## YOUR OBJECTIVE
All of the records should be given again verbatim.

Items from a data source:
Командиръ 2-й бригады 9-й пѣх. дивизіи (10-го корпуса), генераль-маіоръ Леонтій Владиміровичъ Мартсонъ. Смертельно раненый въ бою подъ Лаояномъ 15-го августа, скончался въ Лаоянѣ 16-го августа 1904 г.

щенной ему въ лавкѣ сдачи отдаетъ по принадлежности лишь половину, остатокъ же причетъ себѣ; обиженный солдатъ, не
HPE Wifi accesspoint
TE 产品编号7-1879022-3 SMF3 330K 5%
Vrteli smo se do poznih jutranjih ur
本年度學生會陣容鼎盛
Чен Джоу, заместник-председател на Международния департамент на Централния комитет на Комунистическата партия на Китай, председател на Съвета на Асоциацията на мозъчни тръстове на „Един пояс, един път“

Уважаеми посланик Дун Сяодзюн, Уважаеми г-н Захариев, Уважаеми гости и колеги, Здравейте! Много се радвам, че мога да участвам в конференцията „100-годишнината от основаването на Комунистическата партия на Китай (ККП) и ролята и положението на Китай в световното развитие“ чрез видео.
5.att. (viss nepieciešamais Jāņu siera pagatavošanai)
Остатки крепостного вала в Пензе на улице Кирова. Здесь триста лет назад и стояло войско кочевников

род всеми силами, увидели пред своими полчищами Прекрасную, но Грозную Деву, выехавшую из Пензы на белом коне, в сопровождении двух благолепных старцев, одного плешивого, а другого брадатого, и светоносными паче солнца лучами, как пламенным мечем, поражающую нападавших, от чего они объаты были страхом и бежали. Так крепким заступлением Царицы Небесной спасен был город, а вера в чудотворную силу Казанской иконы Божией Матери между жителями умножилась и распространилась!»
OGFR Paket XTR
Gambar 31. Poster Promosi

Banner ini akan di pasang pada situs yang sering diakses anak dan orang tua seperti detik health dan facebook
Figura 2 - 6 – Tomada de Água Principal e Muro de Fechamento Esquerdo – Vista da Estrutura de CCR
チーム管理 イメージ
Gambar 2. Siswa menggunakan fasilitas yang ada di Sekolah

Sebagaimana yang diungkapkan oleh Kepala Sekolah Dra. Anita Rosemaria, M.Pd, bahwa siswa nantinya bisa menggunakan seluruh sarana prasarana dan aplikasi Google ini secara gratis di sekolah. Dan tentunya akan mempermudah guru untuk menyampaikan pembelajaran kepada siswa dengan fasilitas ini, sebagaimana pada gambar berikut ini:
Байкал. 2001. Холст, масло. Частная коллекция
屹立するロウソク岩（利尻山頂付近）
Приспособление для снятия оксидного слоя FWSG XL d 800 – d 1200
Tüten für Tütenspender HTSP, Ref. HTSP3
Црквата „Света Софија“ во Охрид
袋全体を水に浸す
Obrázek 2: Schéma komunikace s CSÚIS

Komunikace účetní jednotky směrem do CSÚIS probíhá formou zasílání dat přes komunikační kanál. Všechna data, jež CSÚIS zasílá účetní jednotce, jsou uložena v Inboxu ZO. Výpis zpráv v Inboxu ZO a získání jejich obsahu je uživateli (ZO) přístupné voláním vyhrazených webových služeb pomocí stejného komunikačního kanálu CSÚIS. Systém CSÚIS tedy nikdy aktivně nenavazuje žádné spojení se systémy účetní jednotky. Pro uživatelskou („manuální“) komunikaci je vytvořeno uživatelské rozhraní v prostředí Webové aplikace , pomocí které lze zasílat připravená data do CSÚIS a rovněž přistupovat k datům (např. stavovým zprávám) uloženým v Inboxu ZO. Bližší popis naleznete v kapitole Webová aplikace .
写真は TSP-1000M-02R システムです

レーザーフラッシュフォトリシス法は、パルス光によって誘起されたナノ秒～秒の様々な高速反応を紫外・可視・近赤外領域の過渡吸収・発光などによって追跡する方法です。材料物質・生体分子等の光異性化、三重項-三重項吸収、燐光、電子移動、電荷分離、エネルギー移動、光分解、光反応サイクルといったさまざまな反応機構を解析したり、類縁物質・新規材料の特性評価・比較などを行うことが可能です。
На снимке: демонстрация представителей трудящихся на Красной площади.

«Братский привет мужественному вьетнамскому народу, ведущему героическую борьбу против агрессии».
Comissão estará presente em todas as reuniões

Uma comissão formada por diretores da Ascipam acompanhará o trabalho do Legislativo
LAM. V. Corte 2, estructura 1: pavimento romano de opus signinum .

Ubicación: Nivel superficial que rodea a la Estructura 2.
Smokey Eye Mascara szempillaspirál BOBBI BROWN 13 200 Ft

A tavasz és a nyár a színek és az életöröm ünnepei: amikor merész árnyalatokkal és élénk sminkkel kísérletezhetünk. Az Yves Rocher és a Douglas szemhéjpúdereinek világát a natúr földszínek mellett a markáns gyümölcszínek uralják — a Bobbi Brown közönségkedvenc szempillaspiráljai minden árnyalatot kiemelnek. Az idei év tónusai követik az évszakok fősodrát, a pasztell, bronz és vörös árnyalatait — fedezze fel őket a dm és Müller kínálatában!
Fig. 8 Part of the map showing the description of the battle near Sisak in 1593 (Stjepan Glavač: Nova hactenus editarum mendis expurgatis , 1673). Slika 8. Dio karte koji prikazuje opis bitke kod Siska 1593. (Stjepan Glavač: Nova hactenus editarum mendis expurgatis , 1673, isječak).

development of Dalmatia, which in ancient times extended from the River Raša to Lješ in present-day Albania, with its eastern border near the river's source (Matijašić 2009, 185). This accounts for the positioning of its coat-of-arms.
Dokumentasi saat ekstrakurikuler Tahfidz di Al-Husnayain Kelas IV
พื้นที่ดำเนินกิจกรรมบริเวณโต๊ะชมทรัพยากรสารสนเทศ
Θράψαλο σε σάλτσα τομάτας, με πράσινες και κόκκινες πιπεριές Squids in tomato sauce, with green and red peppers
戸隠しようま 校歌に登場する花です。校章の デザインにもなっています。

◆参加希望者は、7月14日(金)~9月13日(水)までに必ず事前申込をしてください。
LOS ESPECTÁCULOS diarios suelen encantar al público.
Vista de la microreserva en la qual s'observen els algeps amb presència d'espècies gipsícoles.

## TASK RESULT
Командиръ 2-й бригады 9-й пѣх. дивизіи (10-го корпуса), генераль-маіоръ Леонтій Владиміровичъ Мартсонъ. Смертельно раненый въ бою подъ Лаояномъ 15-го августа, скончался въ Лаоянѣ 16-го августа 1904 г.

щенной ему въ лавкѣ сдачи отдаетъ по принадлежности лишь половину, остатокъ же причетъ себѣ; обиженный солдатъ, не
HPE Wifi accesspoint
TE 产品编号7-1879022-3 SMF3 330K 5%
Vrteli smo se do poznih jutranjih ur
本年度學生會陣容鼎盛
Чен Джоу, заместник-председател на Международния департамент на Централния комитет на Комунистическата партия на Китай, председател на Съвета на Асоциацията на мозъчни тръстове на „Един пояс, един път“

Уважаеми посланик Дун Сяодзюн, Уважаеми г-н Захариев, Уважаеми гости и колеги, Здравейте! Много се радвам, че мога да участвам в конференцията „100-годишнината от основаването на Комунистическата партия на Китай (ККП) и ролята и положението на Китай в световното развитие“ чрез видео.
5.att. (viss nepieciešamais Jāņu siera pagatavošanai)
Остатки крепостного вала в Пензе на улице Кирова. Здесь триста лет назад и стояло войско кочевников

род всеми силами, увидели пред своими полчищами Прекрасную, но Грозную Деву, выехавшую из Пензы на белом коне, в сопровождении двух благолепных старцев, одного плешивого, а другого брадатого, и светоносными паче солнца лучами, как пламенным мечем, поражающую нападавших, от чего они объаты были страхом и бежали. Так крепким заступлением Царицы Небесной спасен был город, а вера в чудотворную силу Казанской иконы Божией Матери между жителями умножилась и распространилась!»
OGFR Paket XTR
Gambar 31. Poster Promosi

Banner ini akan di pasang pada situs yang sering diakses anak dan orang tua seperti detik health dan facebook
Figura 2 - 6 – Tomada de Água Principal e Muro de Fechamento Esquerdo – Vista da Estrutura de CCR
チーム管理 イメージ
Gambar 2. Siswa menggunakan fasilitas yang ada di Sekolah

Sebagaimana yang diungkapkan oleh Kepala Sekolah Dra. Anita Rosemaria, M.Pd, bahwa siswa nantinya bisa menggunakan seluruh sarana prasarana dan aplikasi Google ini secara gratis di sekolah. Dan tentunya akan mempermudah guru untuk menyampaikan pembelajaran kepada siswa dengan fasilitas ini, sebagaimana pada gambar berikut ini:
Байкал. 2001. Холст, масло. Частная коллекция
屹立するロウソク岩（利尻山頂付近）
Приспособление для снятия оксидного слоя FWSG XL d 800 – d 1200
Tüten für Tütenspender HTSP, Ref. HTSP3
Црквата „Света Софија“ во Охрид
袋全体を水に浸す
Obrázek 2: Schéma komunikace s CSÚIS

Komunikace účetní jednotky směrem do CSÚIS probíhá formou zasílání dat přes komunikační kanál. Všechna data, jež CSÚIS zasílá účetní jednotce, jsou uložena v Inboxu ZO. Výpis zpráv v Inboxu ZO a získání jejich obsahu je uživateli (ZO) přístupné voláním vyhrazených webových služeb pomocí stejného komunikačního kanálu CSÚIS. Systém CSÚIS tedy nikdy aktivně nenavazuje žádné spojení se systémy účetní jednotky. Pro uživatelskou („manuální“) komunikaci je vytvořeno uživatelské rozhraní v prostředí Webové aplikace , pomocí které lze zasílat připravená data do CSÚIS a rovněž přistupovat k datům (např. stavovým zprávám) uloženým v Inboxu ZO. Bližší popis naleznete v kapitole Webová aplikace .
写真は TSP-1000M-02R システムです

レーザーフラッシュフォトリシス法は、パルス光によって誘起されたナノ秒～秒の様々な高速反応を紫外・可視・近赤外領域の過渡吸収・発光などによって追跡する方法です。材料物質・生体分子等の光異性化、三重項-三重項吸収、燐光、電子移動、電荷分離、エネルギー移動、光分解、光反応サイクルといったさまざまな反応機構を解析したり、類縁物質・新規材料の特性評価・比較などを行うことが可能です。
На снимке: демонстрация представителей трудящихся на Красной площади.

«Братский привет мужественному вьетнамскому народу, ведущему героическую борьбу против агрессии».
Comissão estará presente em todas as reuniões

Uma comissão formada por diretores da Ascipam acompanhará o trabalho do Legislativo
LAM. V. Corte 2, estructura 1: pavimento romano de opus signinum .

Ubicación: Nivel superficial que rodea a la Estructura 2.
Smokey Eye Mascara szempillaspirál BOBBI BROWN 13 200 Ft

A tavasz és a nyár a színek és az életöröm ünnepei: amikor merész árnyalatokkal és élénk sminkkel kísérletezhetünk. Az Yves Rocher és a Douglas szemhéjpúdereinek világát a natúr földszínek mellett a markáns gyümölcszínek uralják — a Bobbi Brown közönségkedvenc szempillaspiráljai minden árnyalatot kiemelnek. Az idei év tónusai követik az évszakok fősodrát, a pasztell, bronz és vörös árnyalatait — fedezze fel őket a dm és Müller kínálatában!
Fig. 8 Part of the map showing the description of the battle near Sisak in 1593 (Stjepan Glavač: Nova hactenus editarum mendis expurgatis , 1673). Slika 8. Dio karte koji prikazuje opis bitke kod Siska 1593. (Stjepan Glavač: Nova hactenus editarum mendis expurgatis , 1673, isječak).

development of Dalmatia, which in ancient times extended from the River Raša to Lješ in present-day Albania, with its eastern border near the river's source (Matijašić 2009, 185). This accounts for the positioning of its coat-of-arms.
Dokumentasi saat ekstrakurikuler Tahfidz di Al-Husnayain Kelas IV
พื้นที่ดำเนินกิจกรรมบริเวณโต๊ะชมทรัพยากรสารสนเทศ
Θράψαλο σε σάλτσα τομάτας, με πράσινες και κόκκινες πιπεριές Squids in tomato sauce, with green and red peppers
戸隠しようま 校歌に登場する花です。校章の デザインにもなっています。

◆参加希望者は、7月14日(金)~9月13日(水)までに必ず事前申込をしてください。
LOS ESPECTÁCULOS diarios suelen encantar al público.
Vista de la microreserva en la qual s'observen els algeps amb presència d'espècies gipsícoles.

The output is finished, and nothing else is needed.